3. Compute and Control

This is less a supply problem and more an integration problem. There’s no standardized, safety-certified “robot ECU” , the humanoid equivalent of a car’s engine control unit. Most OEMs cobble together Nvidia Jetson compute modules, automotive microcontrollers, and custom middleware. Tesla is the rare exception, having adapted its FSD compute stack for Optimus into a unified system , but few others have Tesla’s semiconductor capability.

The Scaling Dilemma

McKinsey identifies a classic chicken-and-egg problem at the heart of the humanoid supply chain. Suppliers won’t invest in dedicated production lines until volumes justify it. But volumes can’t grow until costs drop. And costs won’t drop without dedicated production lines.

Right now, most humanoid OEMs are forced to either vertically integrate , building components themselves , or engage in expensive one-off co-development deals with a small number of partners. Neither approach is cost-efficient at scale.
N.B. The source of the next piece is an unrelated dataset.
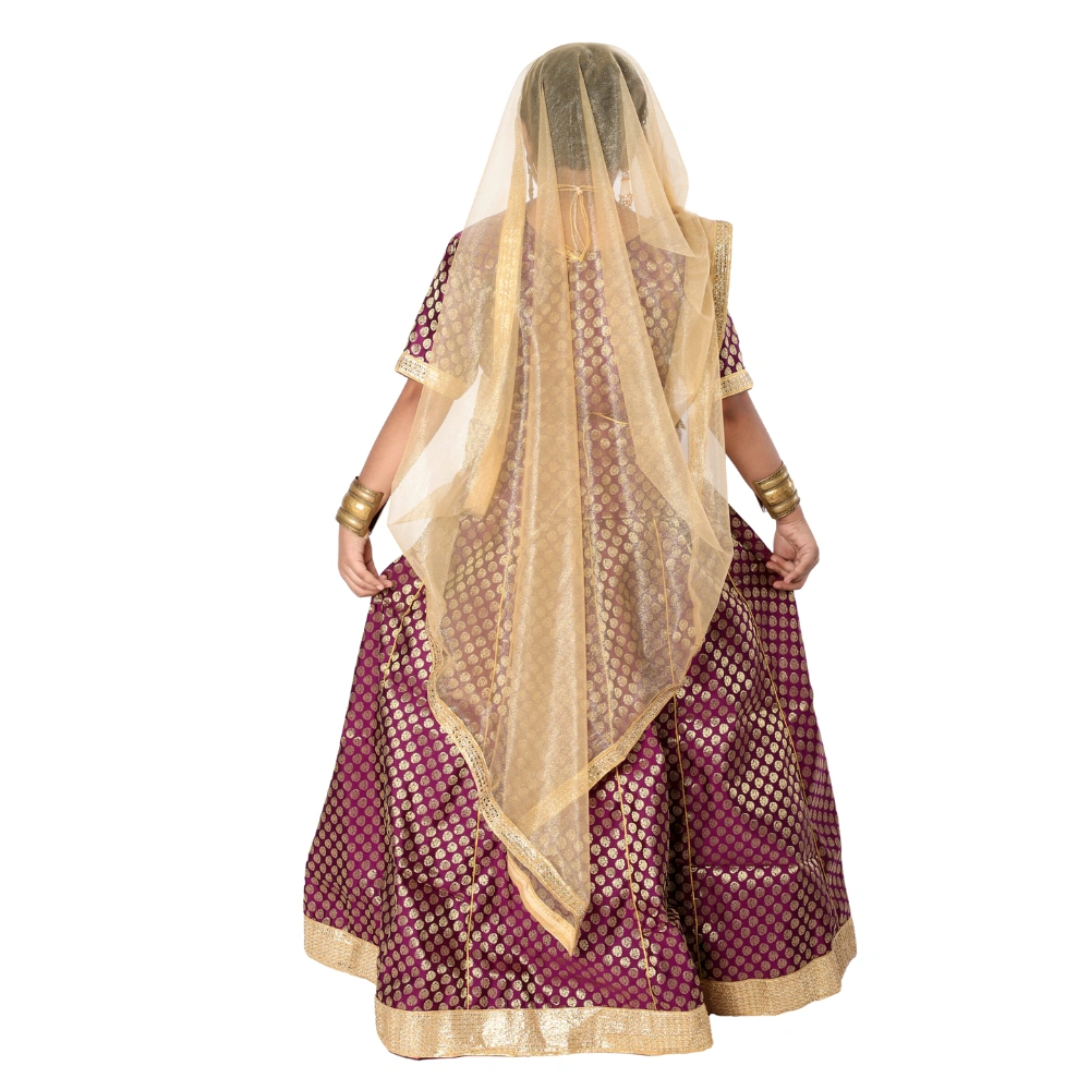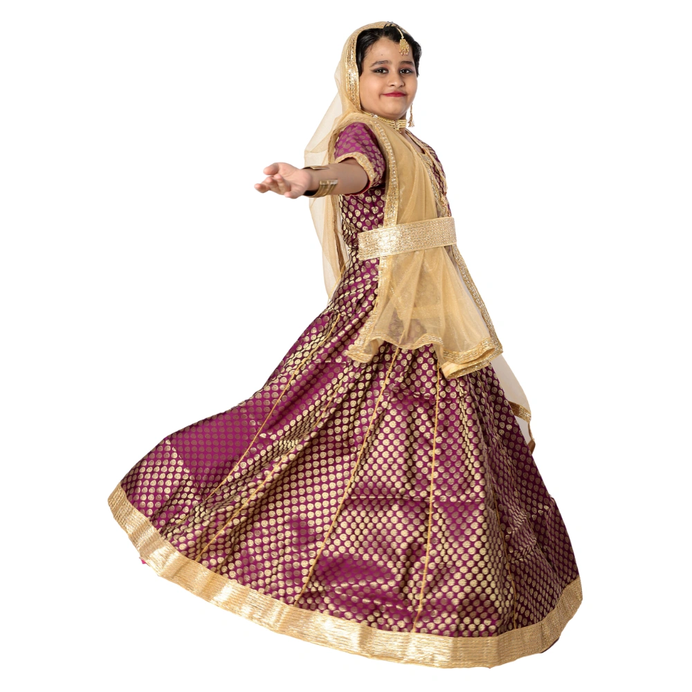 Kathak Costume by Sanskriti Fancy Dresses is a beautifully designed classical dance dress perfect for young Kathak performers and stage artists. Crafted using premium Chanderi Brocade and shimmer net fabric, it offers an elegant flow and royal appearance during dance movements.

Vertical integration is rational given today’s conditions: it protects IP, controls cost, and reduces dependence on suppliers who may not deliver. Tesla builds its own frameless motors and gearboxes. Agility Robotics heavily modified off-the-shelf motors to make Digit’s legs work. But this approach can’t last forever as the industry tries to reach mass-market pricing.
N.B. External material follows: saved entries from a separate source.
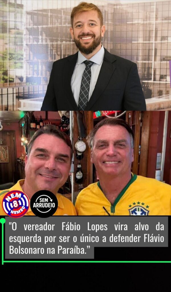“O Vereador Fábio Lopes vira alvo da esquerda por ser o único a defender, de peito aberto, Flávio Bolsonaro na Paraíba”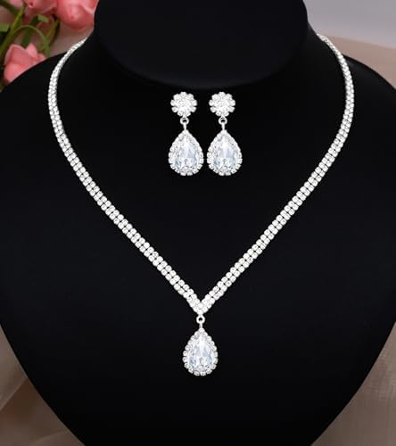 Sponsored Ad - Elegant Silver Crystal Wedding Necklace Earrings Bracelet Jewelry Set for Women Brides Bridesmaids Prom Party Costume Accessory Bridal Jewelry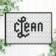 Esta porta elegante azulejo preto e branco é perfeita para a sua sala de lavanderia. Suas linhas limpas, cores simples e padrão de safra são eterno e versáteis. Este tapete inclui um azulejo de faux estilo vintage impresso que lê "limpo" em um tapete baseado em borracha que é durável.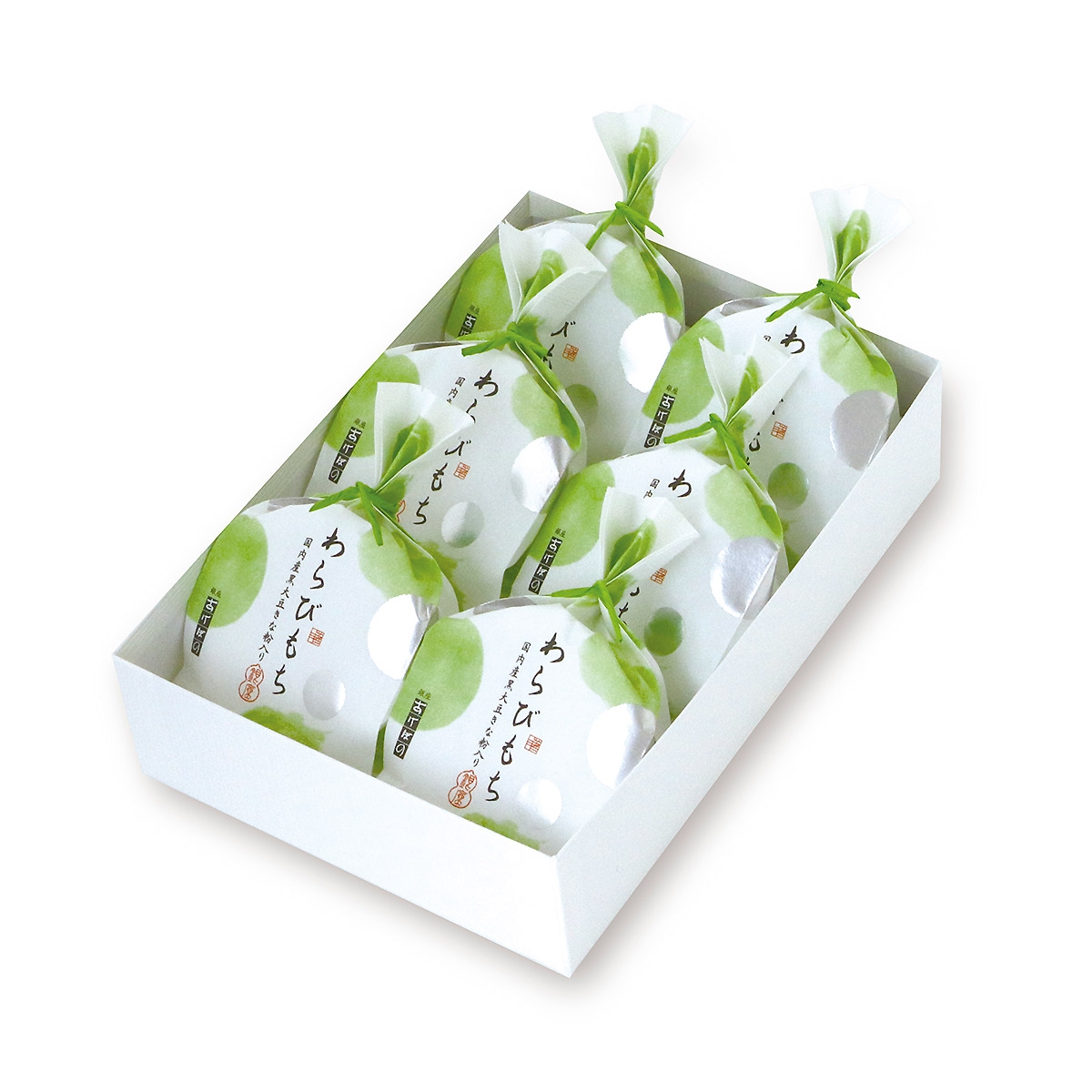 香ばしい黒大豆きなこと濃厚な黒蜜をかけておいしいつるりとみずみずしい食感のわらびもちです。「お母さんありがとう」の掛紙をかけて発送いたします。

The Land Grab Is Already Underway

Despite the premodular state of the industry, McKinsey notes that a wave of strategic partnerships over the past 18 months signals that major industrial players aren’t waiting around.

One large automotive and industrials supplier signed three humanoid actuator partnerships in five months , with Neura Robotics, UK-based Humanoid, and Chinese manufacturer Leju Robotics , positioning itself as a preferred actuator supplier across multiple platforms. Bosch entered through a partnership with Neura Robotics and formed a humanoid-focused joint venture in China. Magna International took an equity stake in Sanctuary AI.
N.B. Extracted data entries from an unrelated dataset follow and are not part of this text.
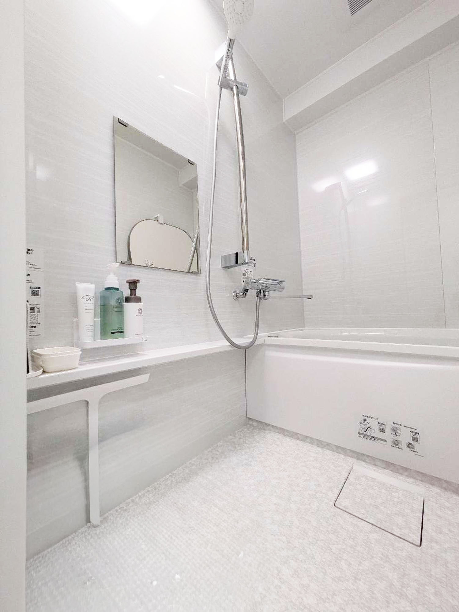 | 担当者からのひとこと | 最新機種へ入れ替え、浴室全体がまばゆいほど明るい空間に生まれ変わりました。壁はリフルホワイトを4面に採用し、光をやわらかく反射する清らかな印象に。床はホワイトラグ調で、足元まで明るさと清潔感をまとわせています。「明るいお風呂にしたい」というご希望に寄り添い、すっきりと心まで晴れるようなバスルームが完成しました。 |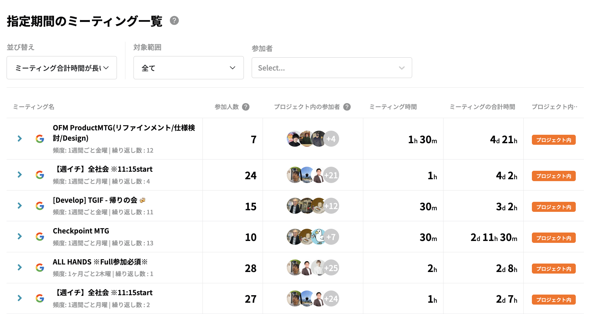 - 会議の参加者、累積の時間、チーム(プロジェクト)での会議かが閲覧できる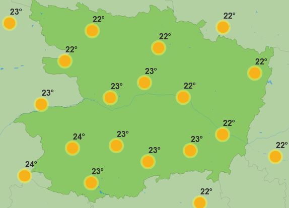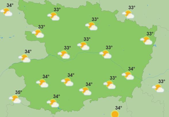 Lundi sera la journée la plus chaude. Le matin, il fera 22 à 23 degrés et le ciel sera dégagé. Dans la journée le temps sera toujours ensoleillé et il fera 37 à 38 degrés. Le soir, nous aurons 39 degrés.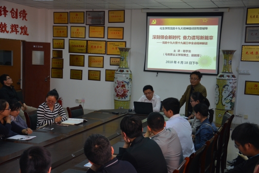 (学生通讯员 许虎文 谢姝钰)为推动学习彻贯彻党的十九大精神,按照上级及学校党委关于在全体党员中开展学习贯彻党的十九大精神集中培训的工作要求, 4月18日下午,我院党委组织开展了一次党员学习贯彻十九大精神培训专题辅导党课,特邀我校马克思主义学院副教授杨学龙博士作了题为《深刻领会新时代 奋力谱写新篇章——党的十九大暨十九届三中全会精神解读》的专题宣讲。我院院长郭孟萍、院党委书记黄良辉及全体师生党员100余人参加了本次专题党课学习。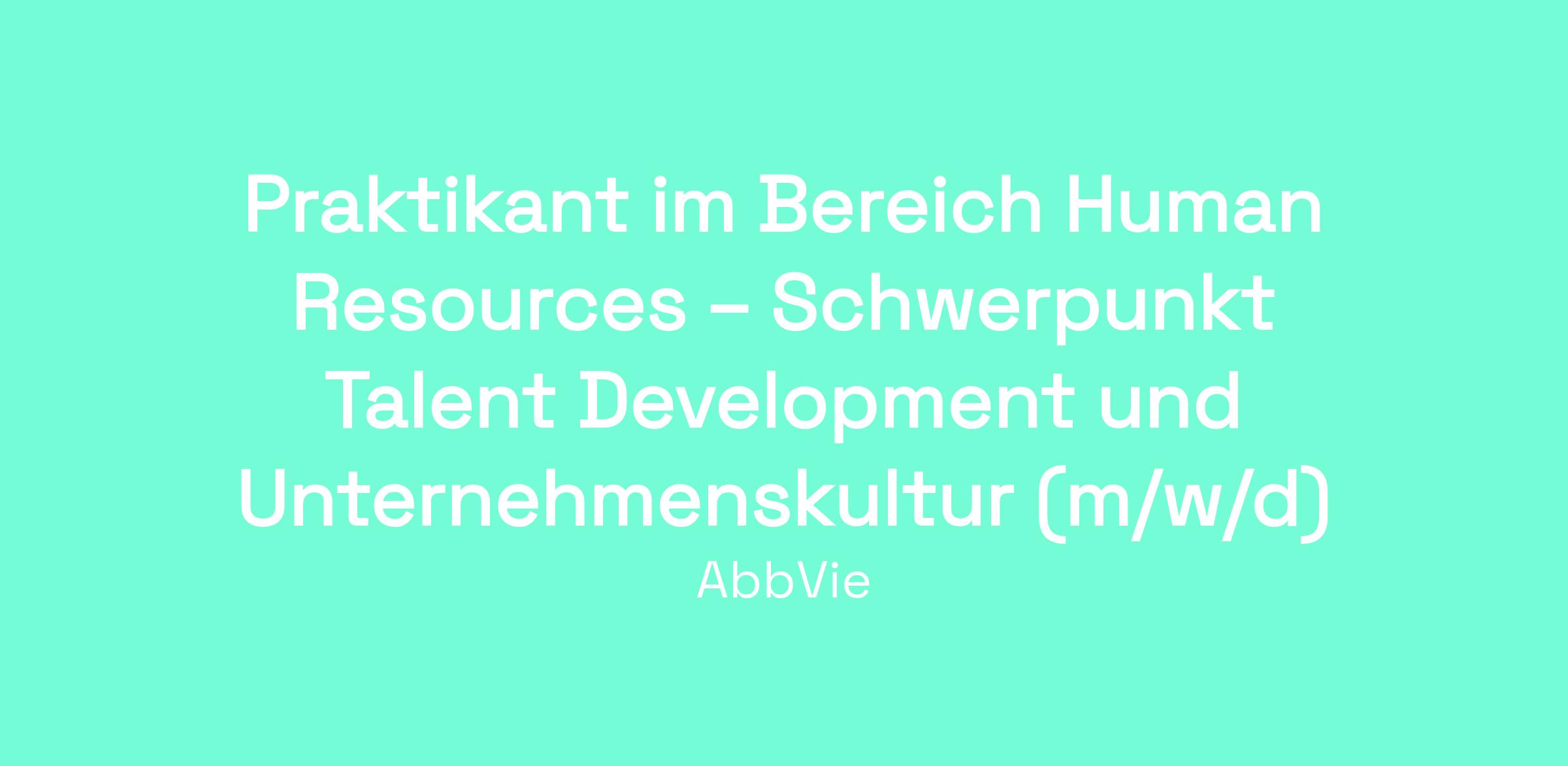 Deine Hauptaufgabe in diesem Praktikum besteht darin, den Bereich Talent & Culture bei der Entwicklung und Umsetzung von Talent-Development-Initiativen sowie kulturellen Programmen bei AbbVie Deutschland zu unterstützen. Du übernimmst dabei sowohl administrative als auch analytische Aufgaben, unterstützt bei der Organisation von Trainings und Workshops und wirkst an der Vorbereitung, Kommunikation und Auswertung von Umfragen und Initiativen mit. Zudem arbeitest du teamübergreifend mit anderen HR-Funktionen zusammen und unterstützt an Schnittstellen sowie in Projekten.

On the compute side, Qualcomm launched the Dragonwing IQ10 , a humanoid-specific processor , and is working with Figure AI and Neura Robotics. Infineon, NXP Semiconductors, STMicroelectronics, and Texas Instruments have all formalized humanoid-specific product integrations.

In manufacturing, Jabil has become the worldwide production partner for Apptronik’s Apollo humanoid. SoftBank announced a $5.4 billion acquisition of ABB’s robotics division. Amazon has been quietly acquiring robotics companies including Fauna Robotics, Rightbot Technologies, and Rivr.

The message from McKinsey is clear: the companies that define standardized subsystem platforms now , actuator modules, compute stacks, sensor suites , will capture the ecosystem leverage that matters most when volumes finally scale.

What Suppliers Should Do Now

The report outlines five priorities for suppliers looking to stake their claim:

  • Forge early co-development partnerships , embed components into robot platforms before specifications are locked
  • Invest in safety and certification , SIL/ASIL certification and ISO compliance lower adoption barriers, especially in Western markets
  • Design for modularity , interoperable components that serve multiple platforms will broaden addressable demand
  • Prove scalable manufacturing , demonstrate volume readiness with automation, secured rare-earth supply, and quality control
  • Build life cycle revenue streams , spare parts, maintenance contracts, and predictive diagnostics will be major profit pools as fleets grow

The Bottom Line

McKinsey’s verdict is that the humanoid supply chain is both the biggest constraint on the industry and, for those who move quickly, the biggest opportunity in a generation. The window to shape the supply chain is open , but narrowing fast.

One data point captures the stakes: a large automotive supplier went from zero humanoid presence to becoming a key actuator supplier in under two years. That’s how quickly incumbency can form once architectures stabilize and volumes start to scale.

The humanoid era is coming. Whether it arrives on schedule , and at what cost , will be decided not in AI labs, but in factories making gearboxes, magnets, and sensors that most people have never heard of.